まずはこの辺は読んでみよう

しがない読書感想ブログです。teacupが終了したため移転することと相成りました。

西田祐子「唐帝国の統治体制と「羈縻」」山川出版社

様々な史料を読み解き、それをもとに歴史を書くというのが歴史の研究・記述において行われていることですが、その史料が果たしてどこまで同時代の認識を反映しているのかというのは常に気になるところです。同時代史料であっても、それがごく一部の変わり者の意見なのかはたまた一般的な社会通念の表れなのか等は気になります。そのため、そこに何かが書いてあるから、それが実際にそうだったのだとは単純にとれないところがあります。

本署で現れる唐の羈縻政策についても、現代の研究者の認識は唐の滅亡から大部後の北宋時代、欧陽脩らにより編纂された「新唐書」によっていると言うことは知られています。唐では異民族の首長に都督や州刺史といった官職を与えて集団を統率させる間接統治をとり、それを羈縻政策・羈縻支配としたというのが一般的な理解です。

しかし、この理解を支える土台となる「新唐書」編纂に際し編者達はどのような史料操作を行ったのか、そしてそこに書かれている羈縻が本にした書物に由来するのかはたまた編者達の見解なのか。「新唐書」の検討を本書ではまず、トルコ系集団に対する羈縻支配が実際に行われていたのか、「新唐書」の記述を検討するところから始まります。

その後は唐の時代に実際に使われていた「羈縻」という言葉がどのような意味を持たされていたのかをあつかい、そしてしばしば唐の羈縻政策との関連で出てくる蕃についても検討します。これらの分析に基づき唐の支配や秩序について解明する手がかりを得ようというのが大まかな内容となります。

まず刺激的なのが、「新唐書」の羈縻に関する記述は信用できない,そこに書かれているのは唐代にはなかった北宋の人々が認識した羈縻であり、実際の唐の時代の「羈縻」ではないというところでしょうか。本書ではトルコ系遊牧民達の事例、そして地理志羈縻州条を検討していますが、これらの検討を通じて明らかになるのは編者達が史料を操作し、元々はなかったものを混ぜ、全体として整合性がとれているような感じでまとめようとしているところです。

このような史料である「新唐書」をそのまま唐の時代を描いた史料として使うことの危険性を示した上で、では唐の時代に現れる「羈縻」とはなにかという問題、そして羈縻政策を語るとたいて触れられる「蕃」の問題にも切り込んでいきます。そこで示されるのは、「羈縻」はつかずはなれずの共存関係、唐からの管理や制限が存在しない状態であり、従来羈縻支配が行われているとされてきた北方のテュルク系などに対しては唐からの管理や制限(そして保護)を受けており、むしろ唐の支配の仕組みに組み込まれている様子さえ見えるという状況です。

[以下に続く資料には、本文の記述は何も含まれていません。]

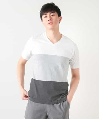 ◆配色感がポイント!汎用性の高い3段配色VネックTシャツ◆3段配色の半袖VネックTシャツ。襟元はVネックでジャケットやカーディガン等の羽織アイテムと相性の良い一枚。着やすい配色のモノトーン系、ネイビー系とカラ?トレンドのピンクを取り入れたインパクトのある配色がこだわりポイント。大きめな切り替えの為、夏の一枚着でも重宝する着用期間の長いアイテムです。※44・Sサイズと64・XXLサイズはWEB・一部限定店舗販売です。
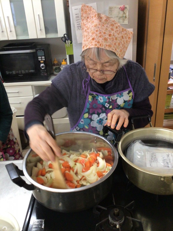 タマネギは皮を剥く所からお手伝いをお願いしまして…!!
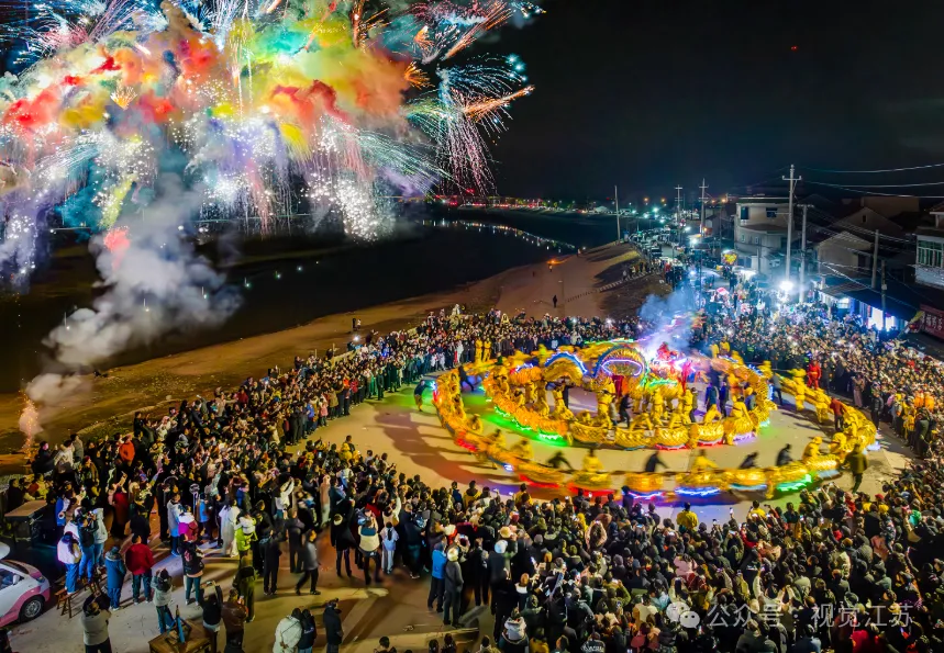大年初四,连云港渔湾景区一场火龙表演让观众们大饱眼福。庞学关摄
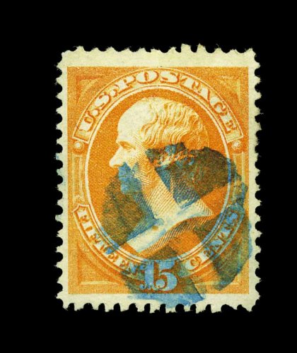 289 O 152 image#152, 15c Bright orange, incredibly well centered within lavishly large margins, gorgeous vivid color in an intense shade on bright paper, beautifully postmarked with a superb complete strike of a blue quartered cork cancel, extremely fine; a lovely used gem which possesses great eye appeal; 1993 PF certificate. (Image) 162.50
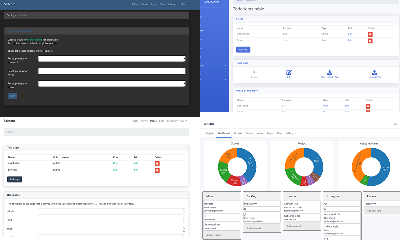 Saltcorn is a platform for building database web applications without writing a single line of code. Use the intuitive point-and-click, drag-and-drop user interface to build your whole application
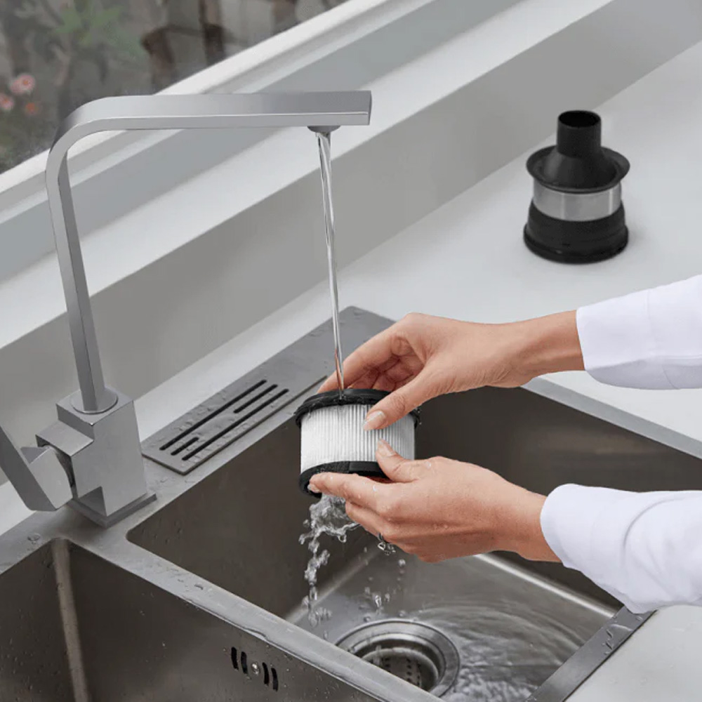 Alla komponenter, inklusive dammbehållaren, filtret och cyklonen, är tvättbara vilket gör underhållet enkelt. Det utbytbara batteriet ger dessutom möjlighet att förlänga städtiden ytterligare.
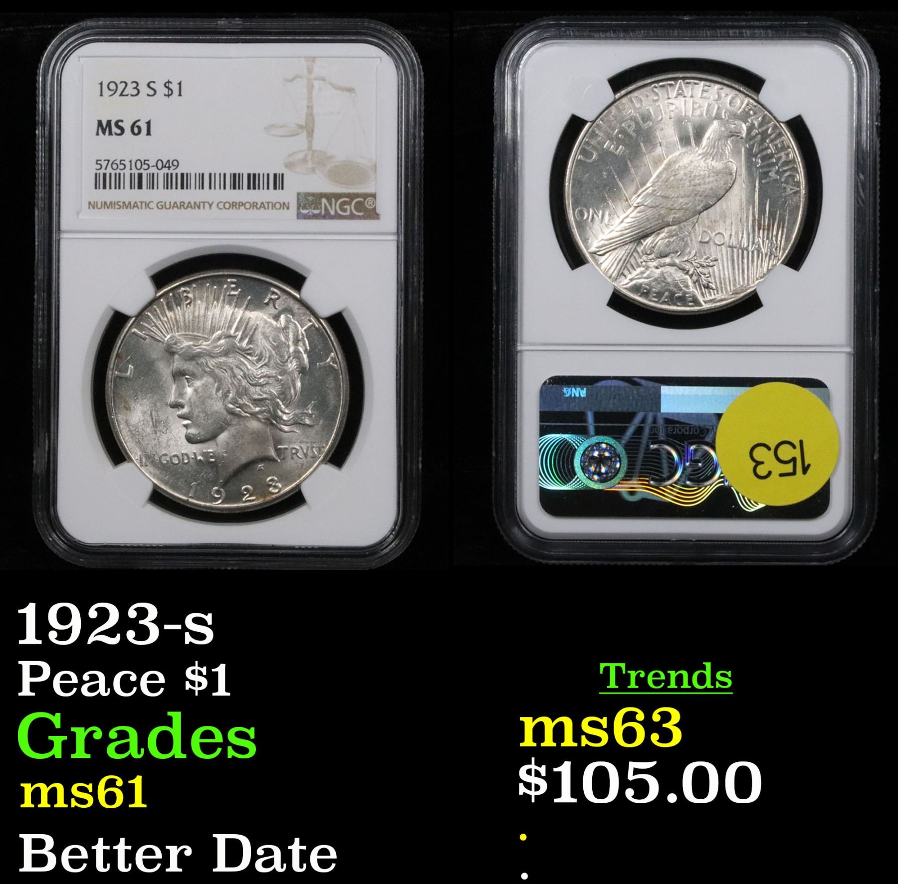NGC 1923-s Better Date . Peace Dollar $1 Graded ms61 By NGC.
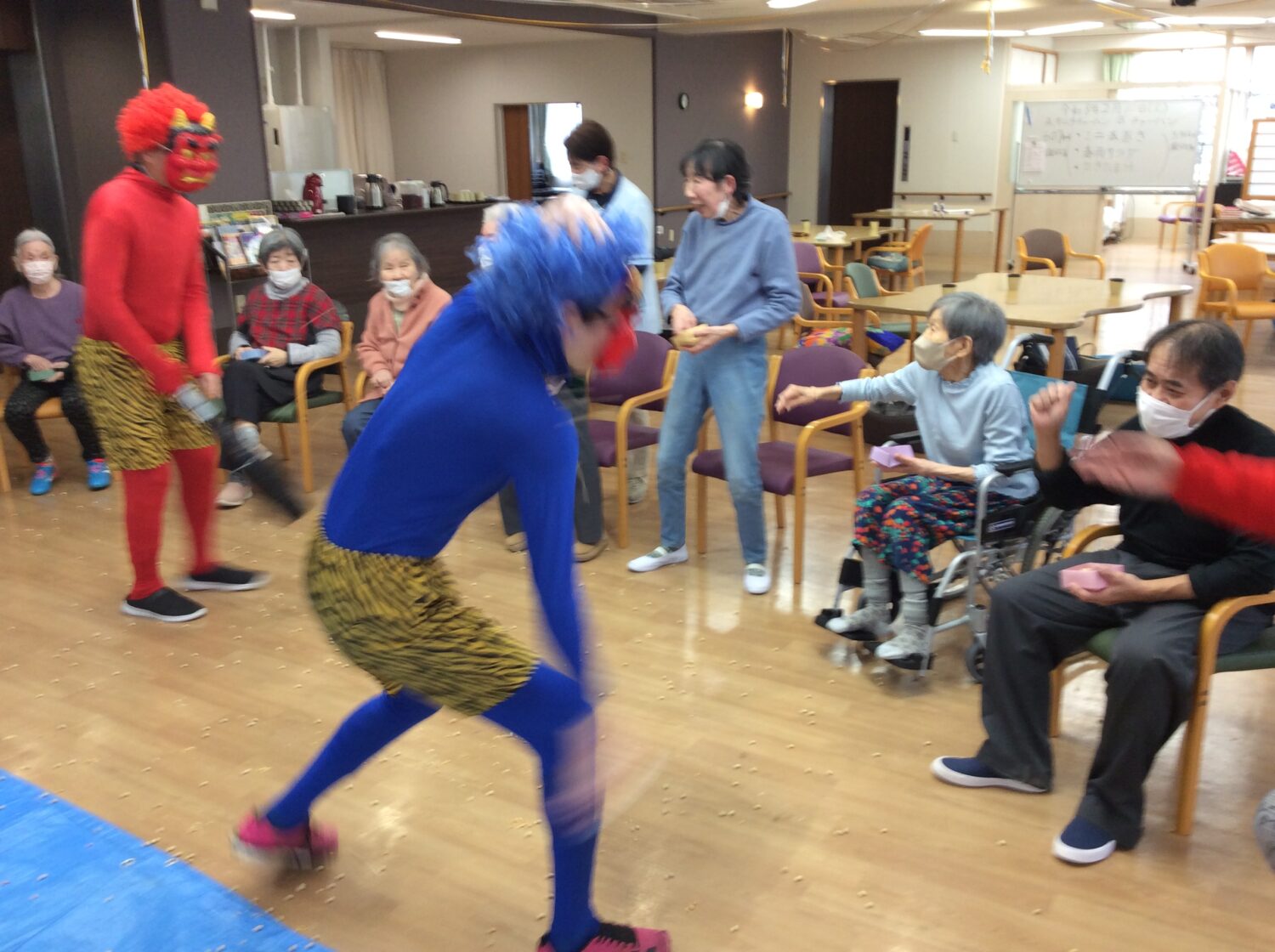 ということで本日はレクレーションにて豆まきをしました。
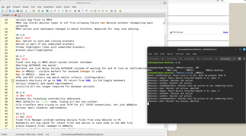 Your terminal will now act as a connector to MMEdit, and any error messages should be displayed in the terminal before MMEdit crashes and closes. Please show us what it is complaining about.
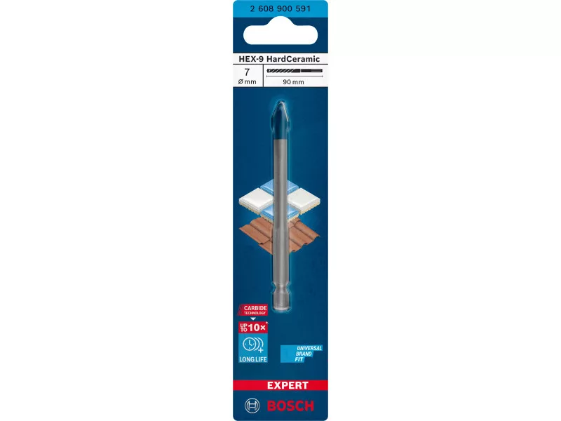 BOSCH EXPERT Vrták na sklo a dlaždice 7 x 90 mm HEX-9 HARD CERAMIC
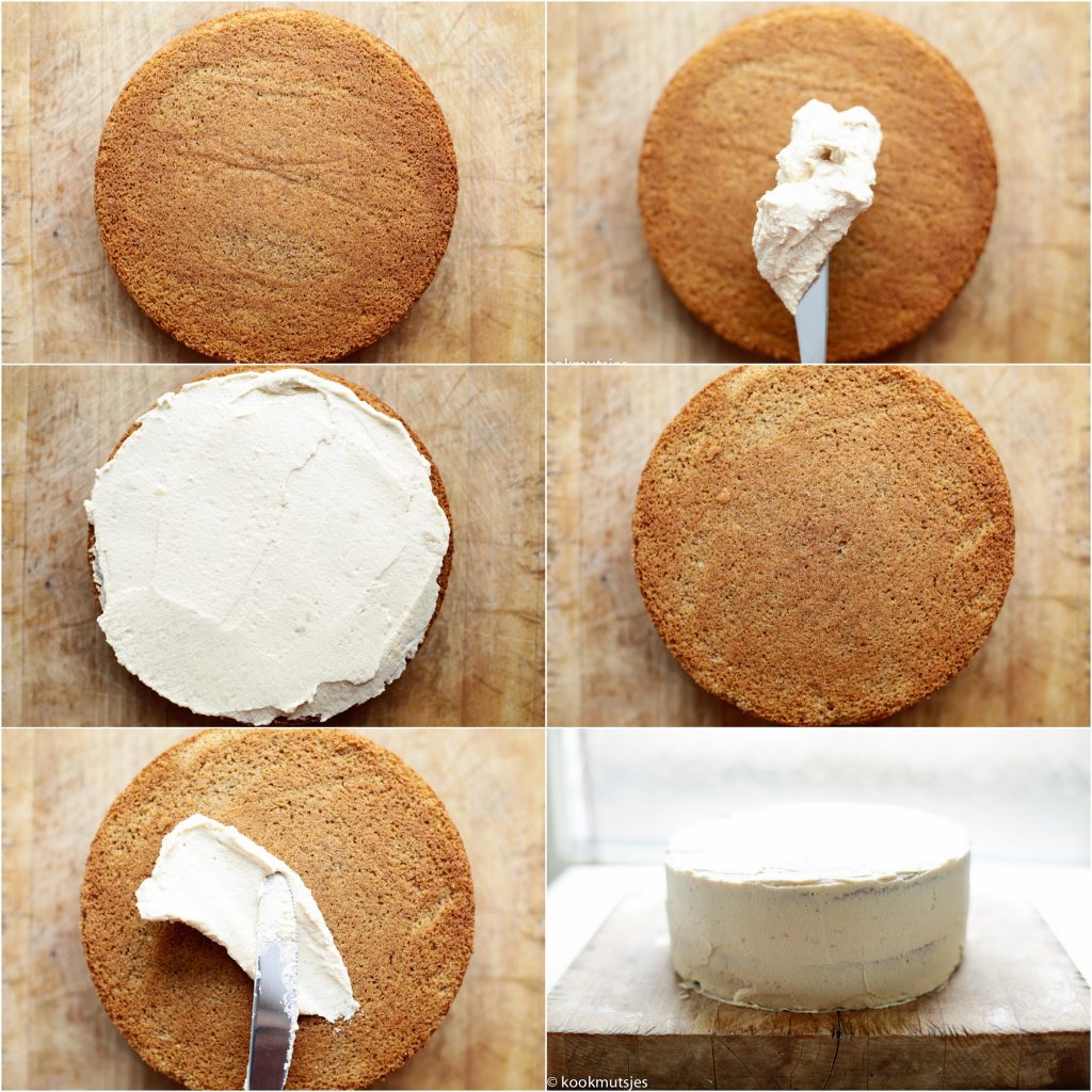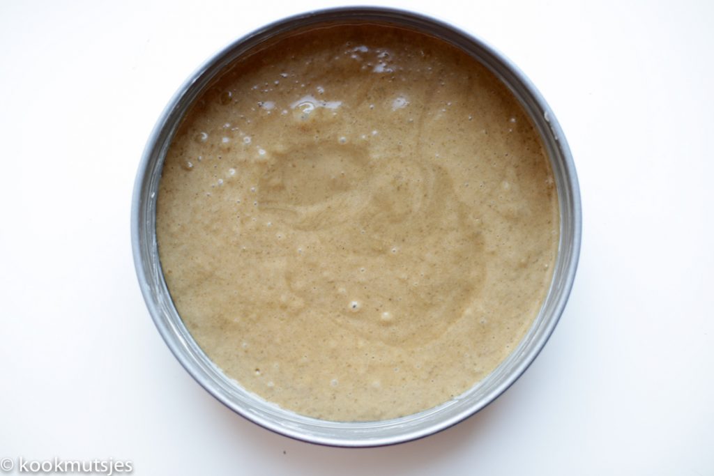 Bakblik die ik heb gebruikt is 23 cm en tussen de lagen heb ik wat walnoten en speculaas kruimels erbij gedaan.
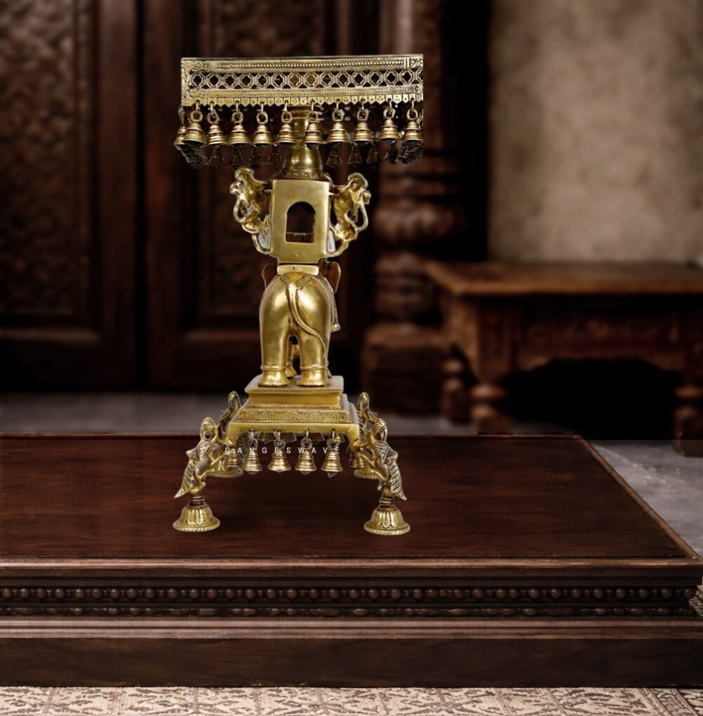 Material: Superfine Brass | Height :23 inches | Width : 12.5 inches | Depth : 12.5 inches |Weight: 21 Kg | Technique: Handmade | Colour : Golden butter brass patina |
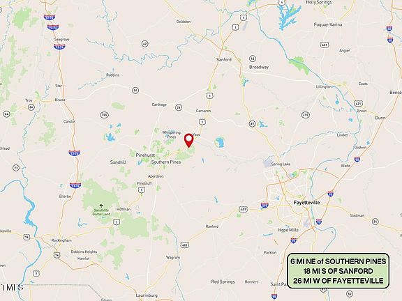 This 7.01-acre property in Vass, NC, is a must-see for anyone looking for a mix of natural beauty and convenience. With 500 feet of paved frontage on Aiken Road, this parcel comes ready with county water, electricity, and telephone access available for connection at the road. Soil maps indicate the land is suitable for a conventional septic system(no official testing done), so it's ideal for building a home, starting a hobby farm, or setting up a quiet retreat. The land offers a peaceful setting with a half-acre pond surrounded by mature trees, making it feel like a private escape. An old cabin and two stick-built tobacco barns add character to the property—they're perfect for restoration projects, storage, or just enjoying their rustic charm. There is a power line easement across the property, but it leaves plenty of space for building or outdoor activities. Outdoor lovers will appreciate that this property is less than 1/4 mile from the Walthour Moss Foundation. This 4,000-acre preserve has miles of equestrian trails and untouched wilderness, making it an ideal spot for horseback riding, hiking, or just soaking in nature. Conveniently located off US-1, you're only minutes from Southern Pines, Aberdeen, and Pinehurst, where you'll find shopping, dining, and some of the country's top golf courses. This property is full of possibilities, offering a unique blend of rural charm, historic touches, and easy access to nearby amenities. It's ready for your vision of a new home, a retreat, or a small homestead. Key Features: - 7.01 acres of wooded land with plenty of privacy - 500 feet of paved frontage on Aiken Road - County water, electricity, and telephone available at the road - Soil maps indicate suitability for a conventional septic system (no testing done) - Half-acre pond surrounded by mature trees - Old cabin and two stick-built tobacco barns on-site, ideal for restoration or storage - Power line easement across the property - Less than 1/4 mile from the Walthour Moss Foundation, a 4,000-acre preserve with equestrian trails and wilderness - Minutes from Southern Pines, Aberdeen, and Pinehurst, offering shopping, dining, and world-class golf - Convenient access to US-1, providing easy connections to surrounding areas. - Verizon 4G LTE Service

また、部族の兵を率いる蕃将を唐が軍事面で用いていると言うこともよく出てきますが、唐の「蕃」について、「羈縻州」と別に「蕃州」というものがあったと想定される史料が出土していることや唐の官人には漢と蕃のものが並列的に存在していた形跡があることも示されています。こうしたことから、唐の内部において「漢」と「蕃」が存在し、唐の支配もいわゆる羈縻支配だけで語れるものでないことが明らかになっています。

本書は「新唐書」の記述を分析し、そこに書かれた「唐の時代のこと」が北宋時代の認識を色濃く反映したものであり唐の時代のことをそのまま伝えているわけではないことを、羈縻の事例を本に示す、文献の検討にかなり重きが置かれています。「新唐書」が宋の時代に作られたもので、宋の時代の認識というフィルターを通して我々は唐を見る、唐について研究する問いうことを長年続けてきたわけです。

しかし、これだけ色々と操作があり、宋の時代の認識が混入しているとなると価値がないかのように思うかもしれませんが,逆に「唐」の時代のことが宋でどのように受容されていたのかという観点で見ていくとまた面白いのかなと思う内容でした。

そして、この説がどこまで妥当なのかはこれから色々と検討されることになると思いますが、最近読んだ平田先生の「隋」、森部先生の「唐」においてもこの本の影響が見られる箇所があります。唐の歴史がどのように変わるのか、今後面白そうです。まずは、この本で示された見立てをもとに、唐の支配を描く本なり論文なりを著者が書いてくれることを期待したいと思います。